Kick-Em-Jenny has erupted at least 12 times since 1939, when a black cloud rose 885 feet above the sea. Its basal diameter is three miles, it rises about 4,300 feet above the sea floor, and it is about 590 feet below sea level. In the 1970s and early ’80s its depth decreased to about 490 feet below sea level as a lava dome grew in the crater. It was thought for a time that Kick-Em-Jenny would crest the surface by 2000, but the dome collapsed in the late ’80s, and in March 2002 the depth was reported to be back to 590 feet.
Kick-Em-Jenny, along with Mt. Pelee, which destroyed St. Pierre, Martinique, in 1902, and the Soufriere Hills volcano on Montserrat, is one of a volcanic fraternity that has been at once man’s bane and his sustenance. A volcano is the provenance of rich soil that nurtures plants and animals, enticing men to return, despite the danger, to its shadow again and again.
Montserrat’s volcano long lay dormant, but in July 1995 it roused from its centuries-old slumber. Soufriere is a generic French term for a mountain that gives off sulfurous gases, and the Lesser Antilles thus contain a few Soufrieres The first large phreatic eruption, a steam-driven explosion caused by heated water, on Aug. 21, 1995, covered the capital city, Plymouth, with a thick ash cloud, and southern Montserrat was evacuated. Another large phreatic eruption on Oct. 30, 1995, was followed by pyroclastic flows avalanches of ash, pumice, rock fragments, and volcanic gas traveling 50 to 100 mph in 1996. The term pyroclastic flow was soon as familiar to the residents of Montserrat, from school children to farmers, as lake-effect snow is to Ohioans.
These events were but the prelude to Soufriere’s thunderous magmatic explosion on Sept. 17, 1996. The ash plume rose to 40,000 feet, and 600,000 tons of ash were deposited in southern Montserrat.
Jimmy Buffett recorded his album “Volcano” on Montserrat in the late ’70s, the title song a tongue-in-cheek look at the volcano’s effect on island life. While there, he hiked to the crater, took mud baths, fed mangoes to giant iguanas and had his photo taken next to the volcano vent.
Returning on Jan. 14, 1997, shortly after Plymouth was again covered with ash, he couldn’t recognize the coastline from his last visit just two years earlier. The top and one side of the mountain were gone, and the landscape, he said, was a cross between Iwo Jima and La Brea tar pits.

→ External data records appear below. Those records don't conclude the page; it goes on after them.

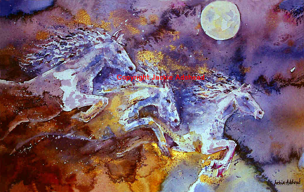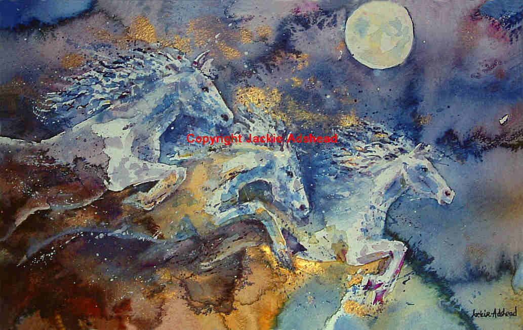 The original painting has some nice blues, and purples, greens, and deeper shades of burnt sienna and red in it. I’ve always liked this painting as it was painted using the “pour on paint” technique that I’ve always loved using with watercolour. The horses and the moon were masked with masking fluid, then the paper around them was wetted with clean water, and the watercolours poured on in various places and allowed to weave their own magic by mixing with each other on the paper, their colours staying fresh and vibrant. And just to add to the magic, I flicked some gold metalic paint on it too, to add to the movement of the horses, and to add a gleam of bright colour to the finished painting. The details of the horses bodies and faces was painting on afterwards, adding form and definition.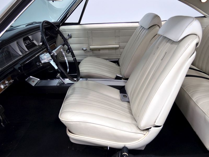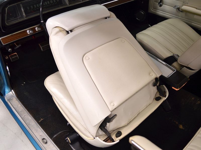 This car has them, along with relatively rare front seat headrests, which would not be federally mandated for another three years. The factory vinyl is in excellent shape with the only notable demerits being a small scratch on the driver’s outer bolster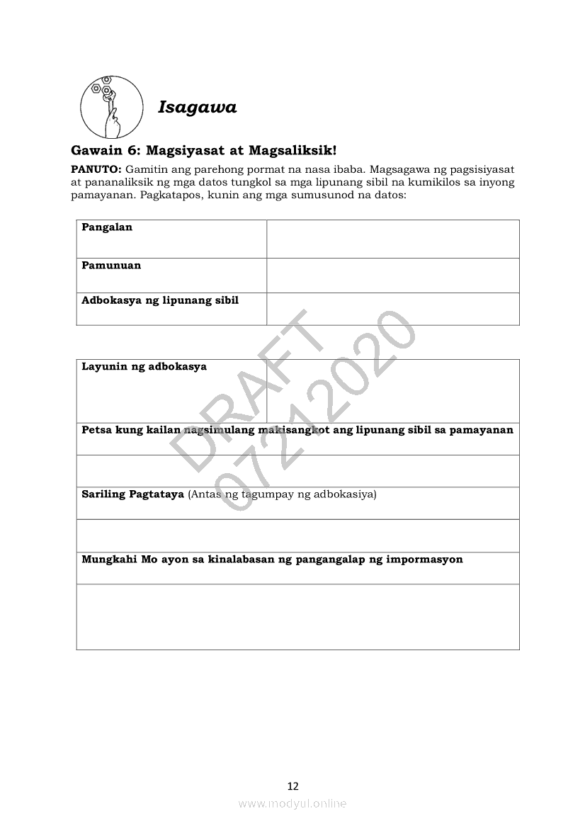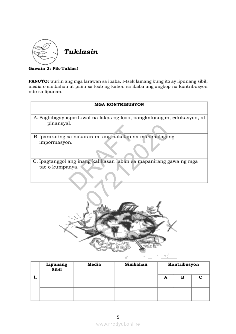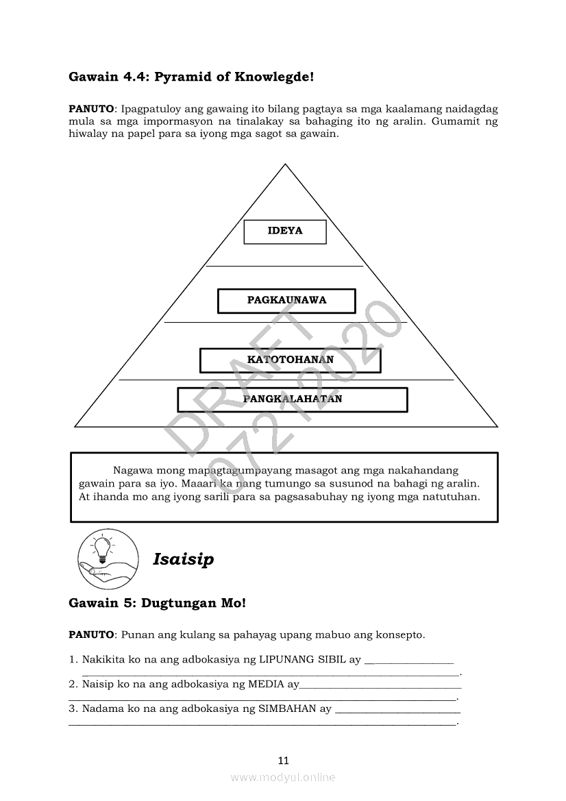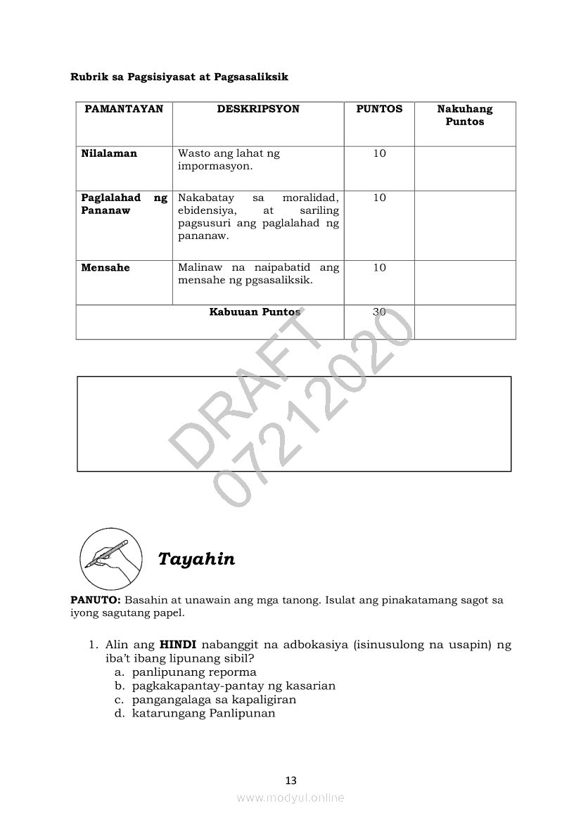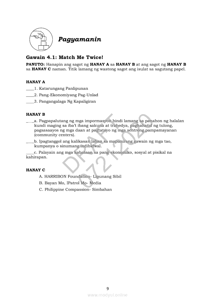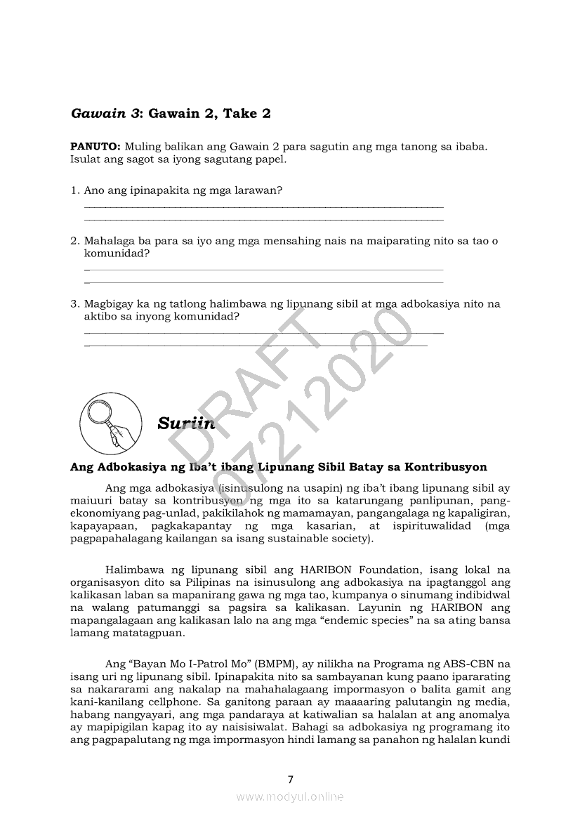 Edukasyon sa Pagpapakatao 9 Modyul 16: Sama-samang Pagkilos, Sama-samang Pag-unladApr 22, 2021 Grade 9Xiaomi Redmi Watch 5 Active 2inch LCD Display Clear Calling 5ATM Waterproof Smart Watch for only ₱3,999 ₱1,200!. Edukasyon sa Pagpapakatao 9RelatedEdukasyon sa Pagpapakatao Ikaapat na Markahan- Modyul 2: Mga Pansariling Salik sa Pagpili ng Track o Kursong Akademik, Teknikal-Bokasyonal, Sining at Disenyo, at Isports. (Ikalawang Linggo)Edukasyon sa Pagpapakatao Ikaapat na Markahan- Modyul 1: Mga Pansariling Salik sa Pagpili ng Track o Kursong Akademik, Teknikal-Bokasyonal, Sining at Disenyo, at Isports. (Unang Linggo)Edukasyon sa Pagpapakatao Ikaapat na Markahan – Modyul 3: Personal na Pahayag ng Misyon sa Buhay (Ikatlong Linggo)Edukasyon sa Pagpapakatao Ikaapat na Markahan – Modyul 4: Personal na Pahayag ng Misyon sa Buhay (Ikaapat na Linggo)Edukasyon sa Pagpapakatao 9 Ikalawang Markahan – Modyul 3: Ang Paggawa Bilang Paglilingkod at Pagtaguyod ng Dignidad ng Tao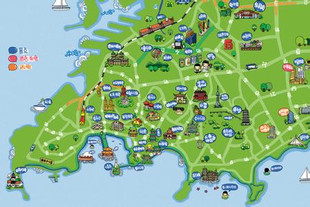 這張暢游青島的手繪地圖,其實用價值不容忽視?!扒鄭u因特殊的丘陵地貌,城市道路復(fù)雜多變,而左、右、東、西等方位名詞卻常常不足以表述清楚。近幾年我一直在想,應(yīng)該為這些到青島旅行的人畫一幅能讓他們清晰明了、方便快捷地找到想去景點的地圖。”
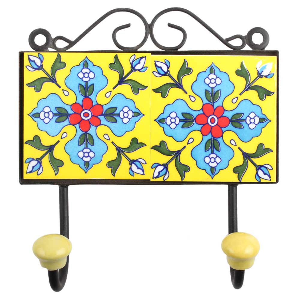 Yellow Turquoise Floral Tiles Hooks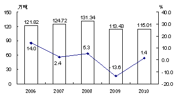 图3 2006—2010年棉花产量及其增长速度
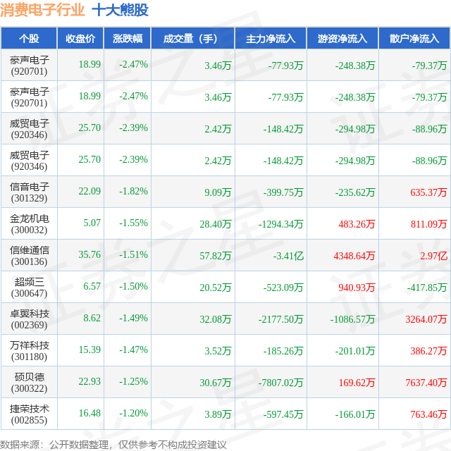 个股表现方面,消费电子行业当日领跌股为豪声电子(920701),该股当日报收18.99,下跌2.47%,成交量3.46万,主力资金净流出77.93万元。豪声电子(920701)以下跌2.47%紧随其后,该股当日成交量3.46万,主力资金净流出77.93万元。除此之外,威贸电子(920346)、威贸电子(920346)、信音电子(301329)均进入当日熊股之列。具体个股列表见下表:

More major pyroclastic flows descended the mountain in April 1997, killing people who ignored the exclusion zone order, and the volcano exploded again later that year. That year saw the peak of activity in the Soufriere Hills, but the volcano has not returned to its former quiescence.
Volcanoes are often described as destructive because they destroy man, livestock and buildings, but they are also engines of creation, possibly the most visible examples of the normally sluggish pace of geological forces.
Some of us may live to see Kick-Em-Jenny become the newest member of the Lesser Antilles, but one never knows. Volcanoes resemble the frog-in-the well math problem, falling back two feet for every three feet forward. When it does make the map, Kick-Em-Jenny will quickly be colonized by plants and animals, that, like daring humans, can’t resist a new piece of land.